Priepke Family Leads

Fund-Raising Drive For Sturge-Weber Research

By Kaaren Valenta

Donations are piling up in Peter and Karla Priepke’s garage as the Sandy Hook couple and their son, John, 22, get ready for a July 28-29 tag sale to support the Sturge-Weber Foundation.

The family recently returned from the foundation’s international conference in New Jersey, full of excitement about recent developments in medical research and determined to raise money to help find the cause and cure for “orphan disease.” Fewer than 1,000 babies a year are born with Sturge-Weber, a syndrome that usually includes a port wine stain birthmark on the face, typically involving an upper eyelid and the forehead. Glaucoma is a frequent complication; some children have neurological abnormalities and developmental delay of motor and cognitive skills, some suffer seizures and even  strokes.

“We are excited about the developments in gene research – we hope it will lead to answers for us,” Mrs Priepke said. “Sturge-Weber families are donating tissue to be looked at. It probably won’t help John but if I could save even one parent the sadness of having to go through some of these things with Sturge-Weber, it is worth it.”

“It takes money and awareness to get this research. If we get the awareness, we will get the money,” she said.

A syndrome like Sturge-Weber is especially difficult for young persons, many of whom have endured stares and cruel remarks by strangers.

“The conference was good for the young adults,” Mrs Priepke said. “Quite a few of them attended. They were able to share with others who have the same condition and many of the same experiences.”

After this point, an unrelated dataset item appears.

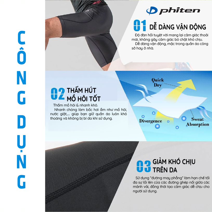 – Công nghệ Phiten giúp lưu thông máu, cải thiện tình trạng căng cơ, đau cơ khi tập luyện.

At the conference the Priepkes attended lectures on epilepsy, neuropathology, ophthalmology, psychosocial implications, genetics and laser treatment. The conference also had available for distribution the first medical text in over 40 years on Sturge-Weber syndrome.

Dr John Bodensteiner and Dr Venita Jay of Toronto’s Hospital for Sick Children presented reports from the recently held National Institutes of Health Consensus Conference on Sturge-Weber syndrome. The landmark conference is expected to generate new research into the cause of the proliferation of blood vessels which comprise a port wine stain.

Karl Plate, MD, a world-renowned neuropathologist from Erlangen, Germany, lectured on the factors involved in angiogenesis during development of the fetus. “Understanding the angiogenesis process in the syndrome is crucial to unlocking the key to Sturge-Weber syndrome,” Dr Plate told the Priepkes and others attending the conference.

“Sturge-Weber is not well known,” Mrs Priepke said. “Fifty percent of the doctors in the medical community have no idea what it is. Parents frequently have to go so far for treatment.”

While many Sturge-Weber patients will require lifetime supervision and support, others are able to go to college, have careers and get married.

“Many parents have to financially plan differently when they have a child with Sturge-Weber,” Mrs Priepke said. “We have to think of what will happen to the child when we are gone. Some will need lifetime supervision. Some can’t drive if they have glaucoma or seizures.”

The tag sale, which will include everything from antiques to new towels, linens and rugs, will be combined with the third annual softball tournament set for August 5-6 at Young’s Field in New Milford to raise money for Sturge-Weber research and family support services.

“We’re still looking for teams and sponsors,” Mrs Priepke said. “Anyone who is interested in playing or helping in any way can call me at 426-8811 or Carol Shaw in New Milford at 860/354-0568.”

The wishing well at Stew Leonard’s in Brookfield will be dedicated to Sturge-Weber during the last week of July. In October the Priepkes are hosting a picnic for Sturge-Weber families from throughout New England and the East Coast.  They also are planning a nationwide Jeans for Hope fundraiser next year in May. The first Jeans for Hope fundraiser, held last May 17, was supported locally by such companies as Mott, where Peter Priepke works as a senior food scientist, and  Shine Pharmaceutical.

The tag sale will be held from 8 am to 4 pm on July 28-29 at 1 Timbermill Road (the corner of Timbermill and Riverside Road in Sandy Hook). The Brain and Tissue Bank at the University of Baltimore can be reached at 800/847-1539. The Sturge-Weber Foundation, a non-profit organization, can be reached at 800/627-5482 and has a website at http:www.sturge-weber.com.

The foundation is looking for corporate donations of a plain paper fax machine with program memory, a four-door vertical file, two four-line telephones, a Powerpoint computer-compatible projection machine, two secretarial desks and computer stations, a copier with reduction and enlargement, a coalating stapler compatible with computer, new research panels for conference display, a portable printer for a laptop computer, computer software, a computer monitor, a laptop and printer, and funds to underwrite office relocation and rent increase for one year. Donations are tax deductible.